Für die Stiftung spricht allerdings die städtische Pressestelle. Stadtsprecherin Juliane von Roenne-Styra bestätigt, aktuell sei der große Wurf für die Zukunft der Immobilie vom Tisch. In der Vergangenheit war von einem Konzept die Rede, in dem Seniorenwohnen eine zentrale Rolle spielen sollte und für das eine Investitionssumme von mehr als 50 Millionen Euro nötig gewesen wäre. Jetzt sagt von Roenne-Styra: „Da keine massive Umnutzung mit speziellen Anforderungen als Gesamtmaßnahme erfolgt, werden nur herkömmliche Kosten für einzelne Instandsetzungsmaßnahmen zum Zeitpunkt der jeweiligen Durchführung anfallen.“ Nur ein Gebäude in der Oberen Bachgasse stehe zur Sanierung an. Aus dem Stiftungsausschuss heißt es, den früheren Plan könne die Stiftung derzeit nicht umsetzen. Andere Großprojekte, nämlich die Entwicklung eines Industriegebiets am Ostbahnhof und ein Vorhaben am Galgenberg mit mehreren hundert Wohnungen, hätten Vorrang.
Verwaltungsnutzung für „längeren Zeitraum“
Von Roenne-Styra erklärt, das gesamte Ex-Krankenhaus eigne sich für Büros und solle nun auch „für einen längeren Zeitraum“ so genutzt werden. Bis 2022 war die Diözesanverwaltung eingemietet.
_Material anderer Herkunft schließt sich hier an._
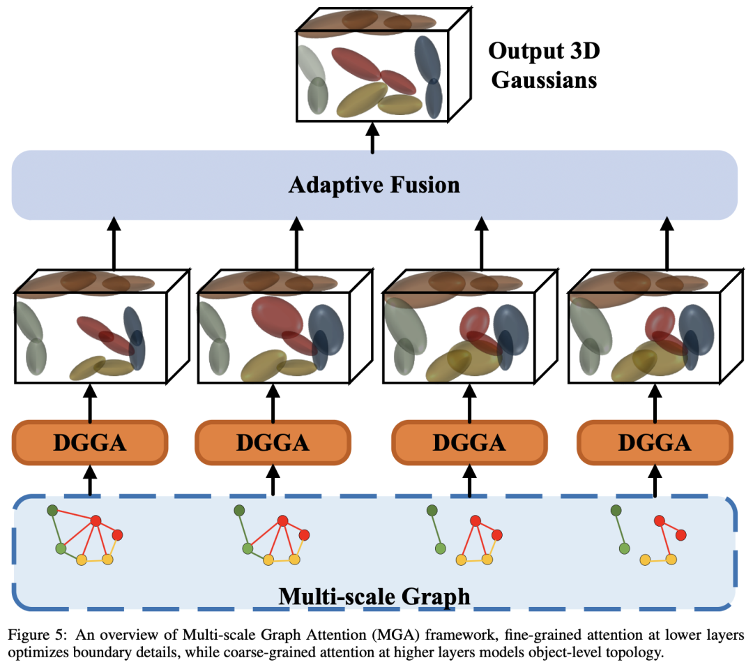 多尺度图注意力(MGA)框架:通过不同尺度的图结构层次化地细化高斯分布,优化小目标的几何细节。

Ab April 2022 zog die Regierung ins zweite Obergeschoss ein – „übergangsweise“, hieß es damals. Aktuell hat die Behörde Sprecherin Kathrin Kammermeier zufolge 1053 Quadratmeter und damit den kompletten zweiten Stock angemietet – und zwar bis Ende 2025. Nun habe die Regierung Bedarf an weiteren großen Flächen, sagt von Roenne-Styra, wofür sich die Stiftung beworben habe. Das Verfahren laufe aber noch.
Die Mitglieder des Stiftungsausschusses aus der Kommunalpolitik verfolgen den Umgang mit der Immobilie kritisch. Grünen-Stadträtin Wiebke Richter sagt über den Plan für die nächsten zehn Jahre: „Ich bin nicht dafür, dass es eine dauerhafte Lösung ist.“ Für Büros sei das Gebäude zu wertvoll. Richter hatte sich in der Vergangenheit für eine Zwischennutzung durch Vereine eingesetzt; das wurde aber als zu aufwendig verworfen. CSU-Stiftungsrätin Ellen Bogner betont, es sei wichtig, dass die Stiftung einzelne Bauabschnitte in Angriff nehme. „Ich würde mir wünschen, dass jetzt schnell was passiert.“
Brücke-Vertreter Joachim Wolbergs hat diesbezüglich keine Hoffnung. Die Verlängerung der Nutzungsänderung bedeute, „in den zehn nächsten Jahren passiert nichts“. Er erklärt: „Ich habe immer die Meinung vertreten, dass ins Evangelische Krankenhaus das dritte Rathaus soll. Alles andere finde ich nicht in Ordnung.“ Die Stadt aber wolle das alte Rewag-Gebäude als Standort, das Ex-Krankenhaus sei angeblich zu klein. Er sehe das anders.